___ STORED DATA

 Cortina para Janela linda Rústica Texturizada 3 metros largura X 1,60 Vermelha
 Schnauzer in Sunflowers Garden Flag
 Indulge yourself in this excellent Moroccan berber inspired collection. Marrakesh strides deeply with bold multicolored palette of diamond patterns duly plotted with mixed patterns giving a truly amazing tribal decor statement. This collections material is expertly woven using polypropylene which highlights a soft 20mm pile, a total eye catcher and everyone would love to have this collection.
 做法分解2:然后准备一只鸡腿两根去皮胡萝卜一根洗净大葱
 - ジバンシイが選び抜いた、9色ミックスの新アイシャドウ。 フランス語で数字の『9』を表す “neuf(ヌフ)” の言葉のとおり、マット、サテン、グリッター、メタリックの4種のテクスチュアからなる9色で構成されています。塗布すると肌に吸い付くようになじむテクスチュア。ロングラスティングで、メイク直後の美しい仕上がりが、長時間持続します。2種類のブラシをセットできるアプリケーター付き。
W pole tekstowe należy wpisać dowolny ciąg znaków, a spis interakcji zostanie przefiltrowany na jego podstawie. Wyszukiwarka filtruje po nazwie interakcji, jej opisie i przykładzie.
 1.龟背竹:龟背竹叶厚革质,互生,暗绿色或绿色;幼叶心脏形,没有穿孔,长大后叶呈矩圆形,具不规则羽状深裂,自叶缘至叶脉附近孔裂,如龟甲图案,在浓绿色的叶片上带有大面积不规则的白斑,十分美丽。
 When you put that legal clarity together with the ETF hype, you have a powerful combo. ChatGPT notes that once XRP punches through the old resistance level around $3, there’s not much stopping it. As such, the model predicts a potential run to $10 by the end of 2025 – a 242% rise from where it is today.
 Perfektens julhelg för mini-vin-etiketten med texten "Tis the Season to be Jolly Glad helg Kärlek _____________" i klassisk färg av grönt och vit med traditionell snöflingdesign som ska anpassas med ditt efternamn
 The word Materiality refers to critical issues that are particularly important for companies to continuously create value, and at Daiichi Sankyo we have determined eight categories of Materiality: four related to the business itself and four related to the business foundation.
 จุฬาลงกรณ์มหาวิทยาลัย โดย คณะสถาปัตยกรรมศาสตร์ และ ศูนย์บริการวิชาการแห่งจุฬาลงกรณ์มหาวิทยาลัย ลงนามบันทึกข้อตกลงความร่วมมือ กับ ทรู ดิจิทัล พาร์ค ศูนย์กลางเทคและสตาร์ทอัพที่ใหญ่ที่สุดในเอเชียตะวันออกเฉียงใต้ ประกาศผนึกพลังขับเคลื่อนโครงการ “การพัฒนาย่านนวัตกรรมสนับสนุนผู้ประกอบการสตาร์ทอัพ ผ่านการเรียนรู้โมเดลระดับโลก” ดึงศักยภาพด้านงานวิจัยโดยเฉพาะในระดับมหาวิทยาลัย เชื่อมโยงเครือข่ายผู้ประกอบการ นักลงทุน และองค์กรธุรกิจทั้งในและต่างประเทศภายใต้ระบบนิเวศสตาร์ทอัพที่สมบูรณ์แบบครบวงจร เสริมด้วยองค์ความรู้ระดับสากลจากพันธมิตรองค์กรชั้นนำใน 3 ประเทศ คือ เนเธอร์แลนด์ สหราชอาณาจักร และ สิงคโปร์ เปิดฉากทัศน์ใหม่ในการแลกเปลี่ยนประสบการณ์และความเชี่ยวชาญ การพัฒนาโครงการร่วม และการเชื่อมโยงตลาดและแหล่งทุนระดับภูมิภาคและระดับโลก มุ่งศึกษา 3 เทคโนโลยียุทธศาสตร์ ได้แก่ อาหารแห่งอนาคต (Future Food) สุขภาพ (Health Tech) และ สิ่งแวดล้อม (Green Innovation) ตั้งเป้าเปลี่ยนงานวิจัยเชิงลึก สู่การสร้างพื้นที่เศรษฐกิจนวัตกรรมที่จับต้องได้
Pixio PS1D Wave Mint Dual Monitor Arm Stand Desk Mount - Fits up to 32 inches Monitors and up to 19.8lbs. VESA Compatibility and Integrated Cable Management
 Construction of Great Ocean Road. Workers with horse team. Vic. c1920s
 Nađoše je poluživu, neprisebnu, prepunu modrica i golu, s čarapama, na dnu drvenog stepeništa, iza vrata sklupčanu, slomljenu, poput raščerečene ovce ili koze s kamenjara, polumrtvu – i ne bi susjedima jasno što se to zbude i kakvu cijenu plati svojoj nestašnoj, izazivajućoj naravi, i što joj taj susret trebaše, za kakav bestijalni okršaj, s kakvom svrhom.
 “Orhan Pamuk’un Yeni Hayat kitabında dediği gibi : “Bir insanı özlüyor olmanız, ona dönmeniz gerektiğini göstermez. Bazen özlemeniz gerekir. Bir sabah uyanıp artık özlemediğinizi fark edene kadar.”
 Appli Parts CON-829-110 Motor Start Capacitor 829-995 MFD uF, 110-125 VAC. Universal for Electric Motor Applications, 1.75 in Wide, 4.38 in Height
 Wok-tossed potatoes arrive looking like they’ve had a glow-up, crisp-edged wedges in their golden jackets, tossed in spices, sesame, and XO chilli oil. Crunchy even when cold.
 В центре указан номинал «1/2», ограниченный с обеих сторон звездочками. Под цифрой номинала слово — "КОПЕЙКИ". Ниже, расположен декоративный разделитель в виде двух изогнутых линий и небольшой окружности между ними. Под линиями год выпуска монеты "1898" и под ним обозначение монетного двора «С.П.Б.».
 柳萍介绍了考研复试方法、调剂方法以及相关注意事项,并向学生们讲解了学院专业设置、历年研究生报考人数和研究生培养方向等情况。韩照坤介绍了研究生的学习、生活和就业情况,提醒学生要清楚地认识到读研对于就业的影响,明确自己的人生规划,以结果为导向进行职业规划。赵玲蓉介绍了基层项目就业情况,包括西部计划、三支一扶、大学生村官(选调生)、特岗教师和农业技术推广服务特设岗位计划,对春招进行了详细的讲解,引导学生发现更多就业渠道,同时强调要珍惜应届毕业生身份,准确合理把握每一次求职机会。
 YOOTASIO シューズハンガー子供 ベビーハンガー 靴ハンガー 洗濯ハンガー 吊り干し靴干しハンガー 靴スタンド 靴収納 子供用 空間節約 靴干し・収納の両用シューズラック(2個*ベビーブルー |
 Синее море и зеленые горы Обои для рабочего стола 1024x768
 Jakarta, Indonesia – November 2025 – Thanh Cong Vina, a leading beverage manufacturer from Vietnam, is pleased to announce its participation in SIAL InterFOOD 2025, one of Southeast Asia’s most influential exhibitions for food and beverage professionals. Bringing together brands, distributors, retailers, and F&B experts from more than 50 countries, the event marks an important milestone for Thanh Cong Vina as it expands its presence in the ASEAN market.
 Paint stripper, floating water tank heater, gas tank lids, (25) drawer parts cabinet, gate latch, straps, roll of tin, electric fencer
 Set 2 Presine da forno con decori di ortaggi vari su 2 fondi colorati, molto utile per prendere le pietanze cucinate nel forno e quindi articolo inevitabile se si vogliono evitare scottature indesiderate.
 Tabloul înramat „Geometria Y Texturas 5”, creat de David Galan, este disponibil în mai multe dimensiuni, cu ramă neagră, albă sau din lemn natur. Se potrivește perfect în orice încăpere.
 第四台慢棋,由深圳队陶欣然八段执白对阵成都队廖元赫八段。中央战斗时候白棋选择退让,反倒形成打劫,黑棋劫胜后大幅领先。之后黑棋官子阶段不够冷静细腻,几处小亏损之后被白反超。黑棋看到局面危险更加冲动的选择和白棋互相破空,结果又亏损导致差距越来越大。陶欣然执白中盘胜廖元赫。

______

# INSTRUCTIONS FOR THE TASK
Quote exactly the opening line of the material above and every line after it, up to and including the line that contains "The word Materiality".

# OUTPUT BELOW
 Cortina para Janela linda Rústica Texturizada 3 metros largura X 1,60 Vermelha
 Schnauzer in Sunflowers Garden Flag
 Indulge yourself in this excellent Moroccan berber inspired collection. Marrakesh strides deeply with bold multicolored palette of diamond patterns duly plotted with mixed patterns giving a truly amazing tribal decor statement. This collections material is expertly woven using polypropylene which highlights a soft 20mm pile, a total eye catcher and everyone would love to have this collection.
 做法分解2:然后准备一只鸡腿两根去皮胡萝卜一根洗净大葱
 - ジバンシイが選び抜いた、9色ミックスの新アイシャドウ。 フランス語で数字の『9』を表す “neuf(ヌフ)” の言葉のとおり、マット、サテン、グリッター、メタリックの4種のテクスチュアからなる9色で構成されています。塗布すると肌に吸い付くようになじむテクスチュア。ロングラスティングで、メイク直後の美しい仕上がりが、長時間持続します。2種類のブラシをセットできるアプリケーター付き。
W pole tekstowe należy wpisać dowolny ciąg znaków, a spis interakcji zostanie przefiltrowany na jego podstawie. Wyszukiwarka filtruje po nazwie interakcji, jej opisie i przykładzie.
 1.龟背竹:龟背竹叶厚革质,互生,暗绿色或绿色;幼叶心脏形,没有穿孔,长大后叶呈矩圆形,具不规则羽状深裂,自叶缘至叶脉附近孔裂,如龟甲图案,在浓绿色的叶片上带有大面积不规则的白斑,十分美丽。
 When you put that legal clarity together with the ETF hype, you have a powerful combo. ChatGPT notes that once XRP punches through the old resistance level around $3, there’s not much stopping it. As such, the model predicts a potential run to $10 by the end of 2025 – a 242% rise from where it is today.
 Perfektens julhelg för mini-vin-etiketten med texten "Tis the Season to be Jolly Glad helg Kärlek _____________" i klassisk färg av grönt och vit med traditionell snöflingdesign som ska anpassas med ditt efternamn
 The word Materiality refers to critical issues that are particularly important for companies to continuously create value, and at Daiichi Sankyo we have determined eight categories of Materiality: four related to the business itself and four related to the business foundation.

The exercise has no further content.